## YOUR GOAL
Pictures in the entries below are excluded; copy only the lines from the one containing "- Stainless steel" to the one containing "What happened to", both included.

## EXTRACTED MATERIAL
──────

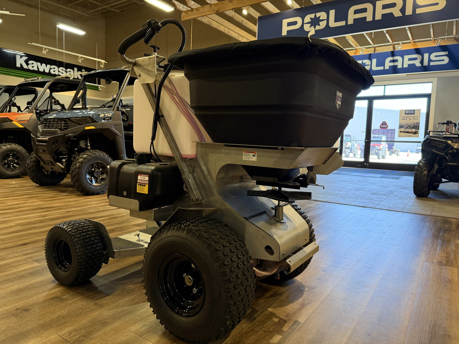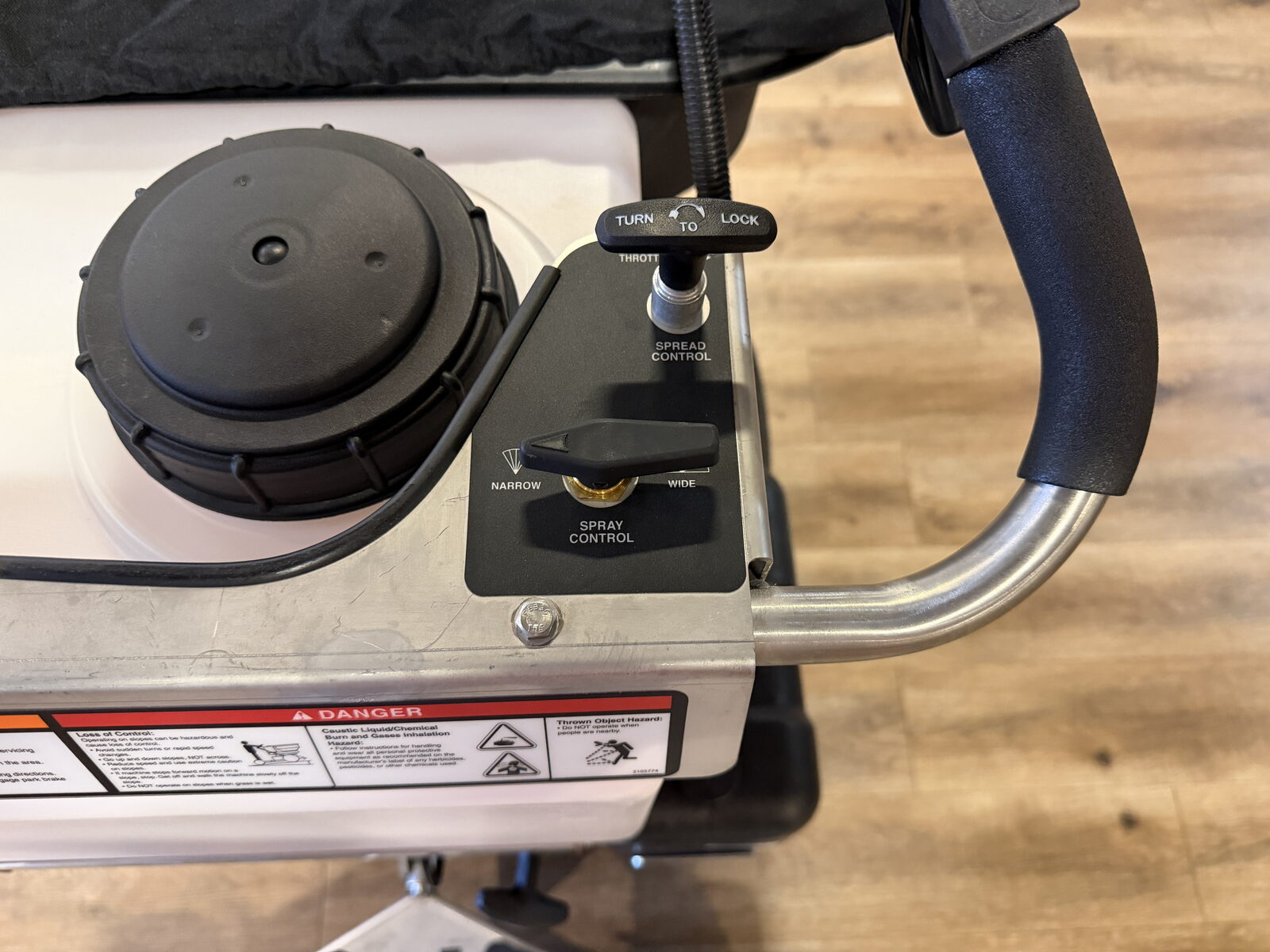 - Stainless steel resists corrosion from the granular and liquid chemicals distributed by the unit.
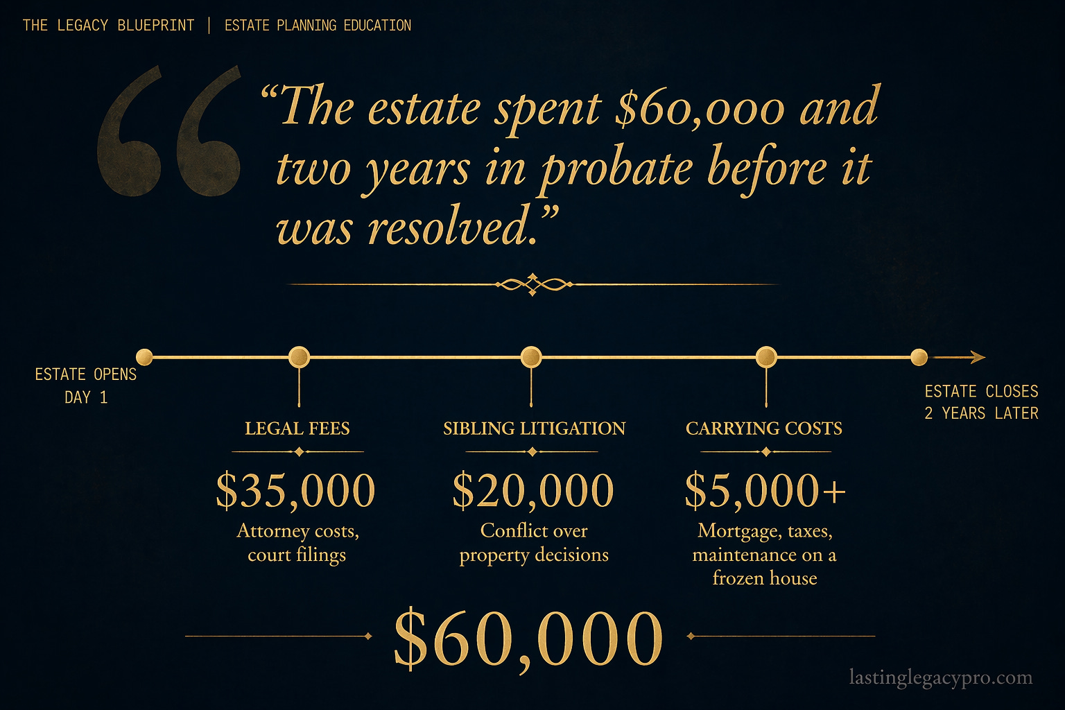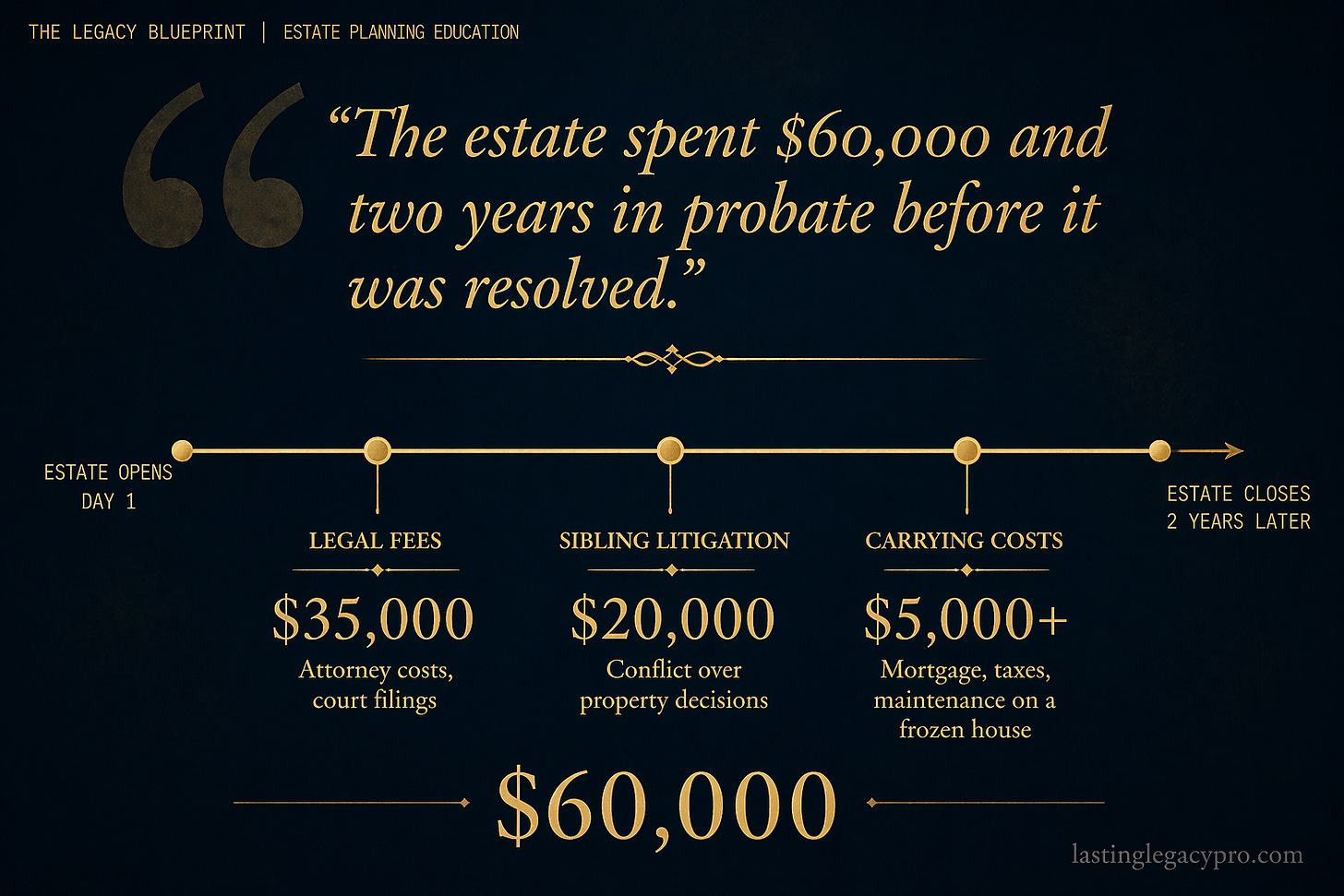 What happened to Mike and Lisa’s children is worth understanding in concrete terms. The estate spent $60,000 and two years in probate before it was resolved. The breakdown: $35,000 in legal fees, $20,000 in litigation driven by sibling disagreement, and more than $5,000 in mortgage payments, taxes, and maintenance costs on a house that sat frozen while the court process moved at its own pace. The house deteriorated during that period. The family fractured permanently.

──────

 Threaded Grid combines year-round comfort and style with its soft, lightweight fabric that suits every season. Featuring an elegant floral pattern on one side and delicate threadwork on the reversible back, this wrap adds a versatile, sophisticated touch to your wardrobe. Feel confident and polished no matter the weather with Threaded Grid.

──────

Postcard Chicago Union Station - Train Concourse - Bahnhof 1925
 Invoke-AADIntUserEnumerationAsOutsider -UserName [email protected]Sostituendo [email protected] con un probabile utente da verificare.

──────

## RESPONSE AREA
 - Stainless steel resists corrosion from the granular and liquid chemicals distributed by the unit.
 What happened to Mike and Lisa’s children is worth understanding in concrete terms. The estate spent $60,000 and two years in probate before it was resolved. The breakdown: $35,000 in legal fees, $20,000 in litigation driven by sibling disagreement, and more than $5,000 in mortgage payments, taxes, and maintenance costs on a house that sat frozen while the court process moved at its own pace. The house deteriorated during that period. The family fractured permanently.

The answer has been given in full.